Oxygen reduction reaction process of LaNi_0.6Fe_0.4O_{3 − δ} film – porous Ce_0.9Gd_0.1O_1.95 heterostructure electrode

Relevant factors affecting an oxygen reduction reaction (ORR) in a heterostructure electrode comprising a Ce_0.9Gd_0.1O_1.95 porous layer on LaNi_0.6Fe_0.4O_{3 − δ} film electrode were evaluated using electrochemical impedance spectroscopy and isotope depth profile analyses. Despite the LaNi_0.6Fe_0.4O_{3 − δ} film – porous Ce_0.9Gd_0.1O_1.95 electrode having higher interfacial conductivity, σ_E, compared to a bare LaNi_0.6Fe_0.4O_{3 − δ} film electrode, σ_E behavior as a function of p(O₂) was similar to each measured temperature. This exhibits a good correlation with the isotopic oxygen depth profile analysis where the evaluated surface oxygen exchange coefficient, k*, showed enhancement compared to bare LaNi_0.6Fe_0.4O_{3 − δ} film and exhibited the same behavior on p(O₂).
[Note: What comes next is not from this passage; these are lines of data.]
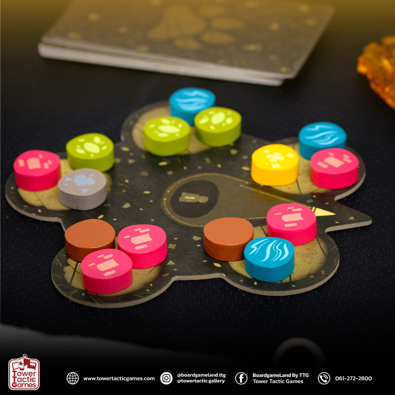 1. วางกระดานหลักไว้ตรงกลาง สุ่มหยิบโทเคนในถุงผ้ามาวางช่องละ 3 ชิ้น
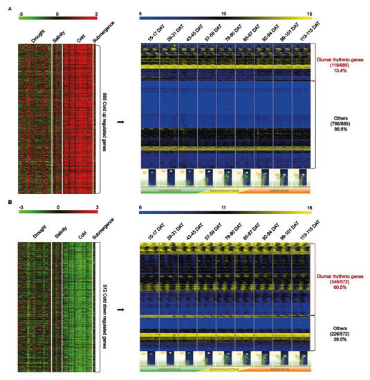 Heat map of cold-regulated genes with diurnal rhythmic expressions. (A) Overview of the process that identified 885 cold-upregulated genes, 119 of which were shown to have diurnal rhythmic expression. (B) Overview of the process that identified 572 cold-downregulated genes, 346 of which were shown to have diurnal rhythm expression. Cold-responsive diurnal rhythm genes are indicated in red. DAT means days after transplanting [22].
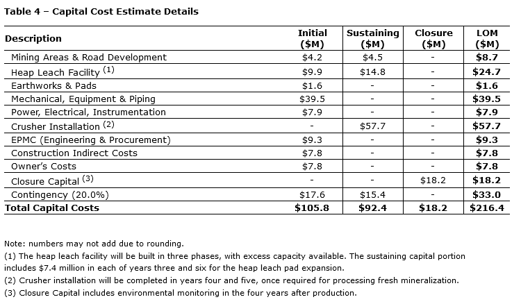An initial capital expenditure of $106 million (including 20 per cent contingency) has been estimated to construct the project, with a further $92 million in sustaining capital during operations and $18 million for closure (including reclamation). The capital cost estimate is based on an open pit mining and heap leach operation processing 8.1 mtpa utilizing contract mining.
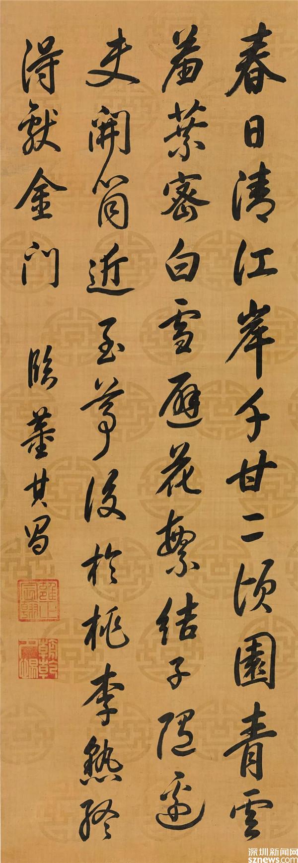 現場,還有嘉慶帝楷書七言詩、光緒帝楷書“恭儉惟德”、慈禧行書“頤壽”、肅親王百壽圖對屏、林則徐行書《圣主得賢臣頌》、劉墉行書節(jié)錄沈括《夢溪筆談》、丁汝昌行書詩句等作品。據主辦方介紹,《清代宮廷及名家書法展》之三十二件紫禁丹青,匯聚了甌江草堂主人易蘇昊先生二十多年收藏之精華。藏品多來自于文物公司和著名藏家,可謂來源有序。易蘇昊先生文物藝術品收藏之門類廣博,中國古代書畫、近現代書畫、當代書畫、前衛(wèi)性書畫、綾本書畫、瓷器、玉器、青銅器、竹木牙雕、文房四寶、鼻煙壺、雜項、西洋雕塑等,無所不包,件件精致。此次《清代宮廷及名家書法展》之三十二件紫禁丹青,乃其從收藏的數千件藏品中,遴選出的帝王御筆、詞臣墨跡之精華。自雍正至光緒,跨越近二百年,充分展現了清代宮廷書法的整體面貌,以供廣大藏家雅賞。
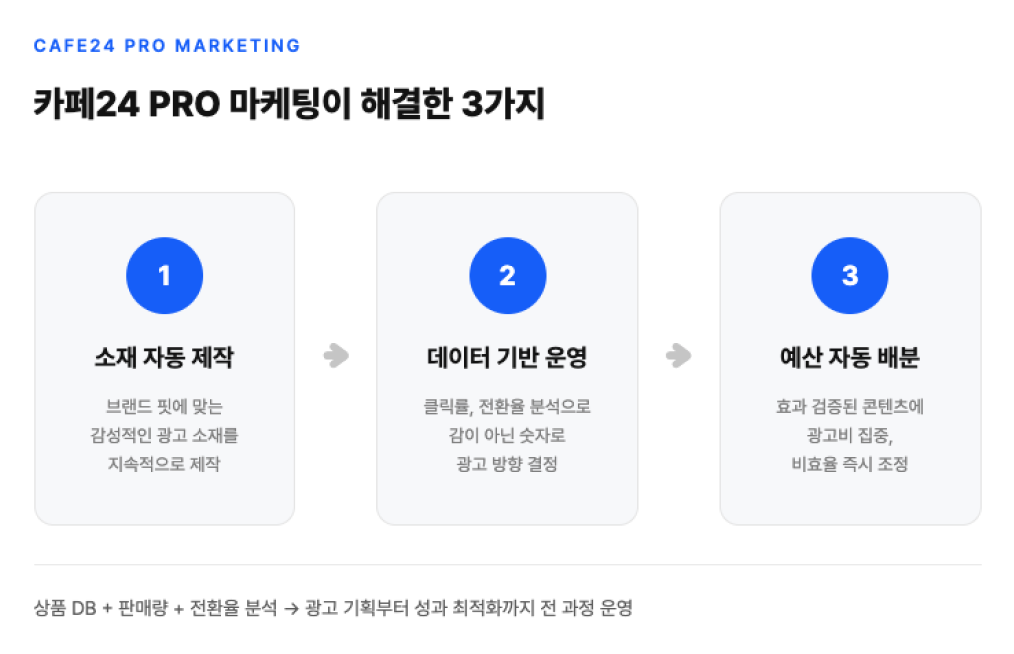 PRO 마케팅은 쇼핑몰의 핵심 데이터(상품 DB, 판매량, 전환율, 재고 등)를 분석해서 광고 기획부터 소재 제작, 집행, 성과 최적화까지 전 과정을 전문 마케터와 AI가 함께 운영하는 일임형 광고 서비스입니다.
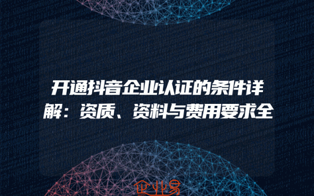 - 开通抖音企业认证的条件详解:资质、资料与费用要求全
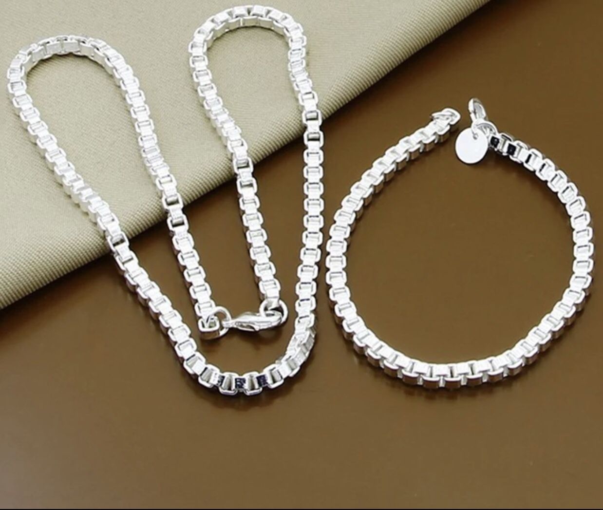2021 New Fashion 925 Sterling Silver 6mm Round Box Chain Bracelet &Necklace Sets For Women & Man Wedding Engagement Party Jewelry. Metals type: Silver Metal Stamp:925 Sterling Conditions :New
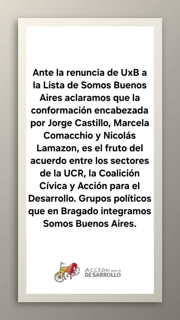 Acción para el Desarrollo, integrante en Bragado de la alianza «Somos Buenos Aires», realiza una aclaración, luego de la decisión de «Unidos por Bragado» de bajarse de la lista de la alianza antes mencionada.
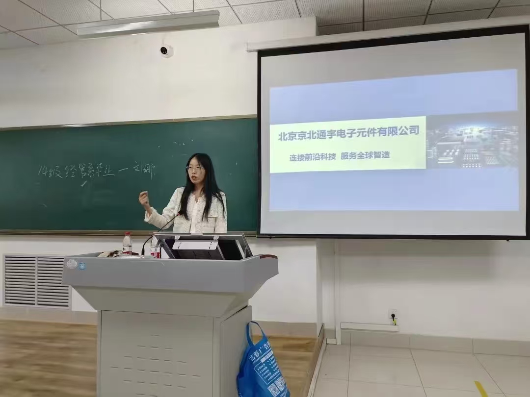 本次招聘会得到了北京京北通宇电子元件有限公司、山东分公司、济南分公司、深圳分公司、青岛分公的大力支持。宣讲会前,学院与公司充分沟通,明确公司所需人才方向,同时分享学院专业优势及重点培养领域技术,以便学生选择适合职业,企业挑选适配学生。会上,企业向学生详细介绍发展历程、社会贡献、核心价值观、企业精神、企业文化及所需人才等方面,使学生各公司有了更深入认识。企业介绍完毕后,学生明确未来定位及奋斗目标,纷纷向宣讲会负责人投递简历,期望为企业和社会贡献力量。

Based on the analyses, there are two plausible reasons for this enhancement: (a) the formation of triple phase boundaries at the junction of LaNi_0.6Fe_0.4O_{3 − δ} film, porous Ce_0.9Gd_0.1O_1.95, and gas phase, where the incorporation process during an ORR process takes place via the porous Ce_0.9Gd_0.1O_1.95; and (b) a modification of the subsurface layer just below the film surface where the presence of diffused Ce and Gd appears to accelerate the ORR process.